Craig Ladwig, Editor of the Indiana Policy Review. His column appears in Indiana newspapers.

Has the truth become just a detail? The Fort Wayne Journal Gazette recently stepped over the line of protected opinion into either purposeful deception or self-serving carelessness.

Discussing vouchers, a July 2 editorial was set under the shock-and-awe headline, "Evidence Casts Doubt on Voucher Education." It said that a local educator wasn't surprised by a study "showing that voucher students who transferred from Indiana public schools to private schools lost ground in math achievement."

Fortunately, the study, by Mark Berends of the University of Notre Dame and Joseph Waddington of the University of Kentucky, was read in full by editors at the Wall Street Journal. Here is an excerpt under their quite different headline, "New Evidence on School Vouchers; Some Optimistic Findings from Indiana and Louisiana."

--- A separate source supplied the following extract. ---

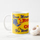 " Sua manhã acorda a chamada!!" Caneca de café da marca do galo do vintage do falso do divertimento. Recreado com cópia de propaganda retro do estilo e exultação dos galos do Tole-Estilo do vintage! Aprecie a vida & os obrigados para parar perto!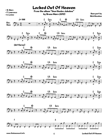 Locked Out Of Heaven - B. Mars - P. Lawrence - A. Levine From the album "Unorthodox Jukebox" by Bruno Mars (2012) ? b 44 ã 144 Elec. Bass C ∑ D min C D min Bb C f Bb C F/A G min j j ?b ‰ œ ‰ œ̆ Œ ‰ œ œ œ œ œ Œ ‰ œj œ œ œ. œ. fl J œ œ C Bb F/A G min C Bb F/A G min C Bb F/A G min (1st Verse) F/A G min Ó ‰ œj ‰ œ̆ Œ ‰ œj œ œ œ œ Œ ‰ œj œ œ œ œ fl J ? b Œ ‰ œj œ œ œ Œ ‰ j œ œ œ œ œ œ ? b Œ ‰ œj œ œ œ Œ ‰ j œ œ œ œ œ œ ? b Œ ‰ œj œ œ j œ œ Œ ‰ œ œ œ œ œ b Bass part by Nick Movshon j ‰ j œ œ œ ‰ œ. œ C D min C D min C D min C D min j j‰ ‰ j ‰ œ ‰ œ̆ œ œ œ œ. œ œ. œ. fl J j j‰ j ‰ ‰ ‰ œ̆ œ œ œ œ œ. œ œ. œ. fl J j j‰ j ‰ ‰ ‰ œ̆ œ œ œ œ œ. œ œ. œ. fl J j j‰ j ‰ ‰ ‰ œ̆ œ œ œ œ œ. œ œ. œ. fl J C B F/A G min C D min j j œ̆ ?b Œ ‰ œ œ œ œ Œ ‰ j j‰ j ‰ ‰ ‰ œ œ œ œ œ œ œ œ œ œ œ. œ œ. œ. fl J C Bb ? b Œ ‰ œj œ œ œ œ Œ ?b F œ œ œ œ œ www.thebassment.info G min F/A ‰ œj œ œ œ œ œ œ œ A œ œ œ œ 1 j j j œ œ œ ‰ œ. ‰ œ œ. œ. ‰ œ œ œ œ œ œ œ œ œ œ œ œ œ œ œ œ Locked Out Of Heaven Locked Out Of Heaven (Chorus) Bb ? b .. œ œ œ œ œ œ œ œ ?b œ œ œ œ œ œ œ œ C œ œ œ œ œ œ œ œ F œ œ œ œ œ œ œ œ C G min œ œ œ œ œ œ œ œ œ œ œ œ œ œ œ œ C D min ? b œ œ œ œ œ œ œ œ œ œ œ œ œ œ œ œ .. œ œ œ œ œ œ œ œ œ œ œ œ œ œ ‰ œ̆ fl J 1. 2. b C B F/A G min C D min j ‰ œ̆ ? b Œ ‰ œj œ œ j j j Œ ‰ ‰ ‰ ‰ œ œ œ œ œ œ œ œ œ œ œ œ. œ œ. œ. fl J Bb F/A G min C Bb F/A G min C Bb F/A G min C Bb F/A G min C Bb F/A G min C ? b Œ ‰ œj œ œ j œ œ Œ ‰ œ œ œ œ œ (2nd Verse) ? b Œ ‰ œj œ œ j œ œ Œ ‰ œ œ œ œ œ ? b Œ ‰ œj œ œ j œ œ Œ ‰ œ œ œ œ œ ? Œ ‰ œj œ œ j b œ œ Œ ‰ œ œ œ œ œ ? b Œ ‰ œj œ œ œ Œ ‰ j œ œ œ œ œ œ www.thebassment.info 2 C D min C D min C D min C D min C D min j j‰ j ‰ ‰ ‰ œ̆ œ œ œ œ œ. œ œ. œ. fl J j j‰ j ‰ ‰ ‰ œ̆ œ œ œ œ œ. œ œ. œ. fl J j‰ ‰ j ‰ œj ‰ œ̆ œ œ œ œ. œ œ. œ. fl J j j‰ j ‰ ‰ ‰ œ̆ œ œ œ œ œ. œ œ. œ. fl J j‰ ‰ j ‰ œj ‰ œ̆ œ œ œ œ. œ œ. œ. fl J Locked Out Of Heaven C Locked Out Of Heaven Bb ? b Œ ‰ œj œ œ œ Œ œ F ?b œ œ œ œ œ Bb (Chorus) ‰ œj œ œ œ œ œ œ œ ? b .. œ œ œ œ œ œ œ œ ?b œ œ œ œ œ œ œ œ C G min F/A j j j œ œ œ ‰ œ. ‰ œ œ. œ. ‰ œ œ A œ œ œ œ œ œ œ œ œ œ œ œ œ œ œ œ œ œ G min œ œ œ œ œ œ œ œ œ œ œ œ œ œ F œ œ œ œ œ œ œ œ œ œ œ œ œ œ œ œ C ? b œ œ œ œ œ œ œ œ œ œ œ œ œ œ œ œ .. œ œ œ œ œ œ œ œ ˙ 1. 2. C œ œ .. Ó C ? b œ œ œ œ œ œ œ œ œ œ œ œ œ œ œ œ .. œ œ œ œ œ œ œ œ œ œ œ œ œ œ œ œ 3. 4. Bb (Bridge) ? b .. w w C ?b w 1. (Outro) G min C Bb C Bb w C .. w 2. w F/A G min F/A G min ? b Œ ‰ œj œ œ j œ œ Œ ‰ œ œ œ œ œ ? b Œ ‰ œj œ œ j œ œ Œ ‰ œ œ œ œ œ www.thebassment.info 3 F w w ˙ C w D min œ œ ‰ œ̆J fl C D min j‰ ‰ j ‰ œj ‰ œ̆ œ œ œ œ. œ œ. œ. fl J C D min j j‰ j ‰ ‰ ‰ œ̆ œ œ œ œ œ. œ œ. œ. fl J Locked Out Of Heaven

The study found that students using vouchers had declines in math and English for the first two years after leaving public school. But the longer these voucher students stuck around in their new schools, the better they did — surpassing their public school peers in English after four years. These studies are important in rebutting what has been an especially aggressive campaign this year against vouchers by unions and liberal journalists."

There is no need to waste sympathy on persons willingly subscribed to a newspaper of the Journal Gazette's bent but at least they deserve a rough outline of the topics of discussion, education reform being surely among them.

In this case, the headline would have read, "Mixed Results on Impact of the Indiana Choice Scholarship Program."

It's not sexy but at least a stab at the truth, once the measure of a newspaper.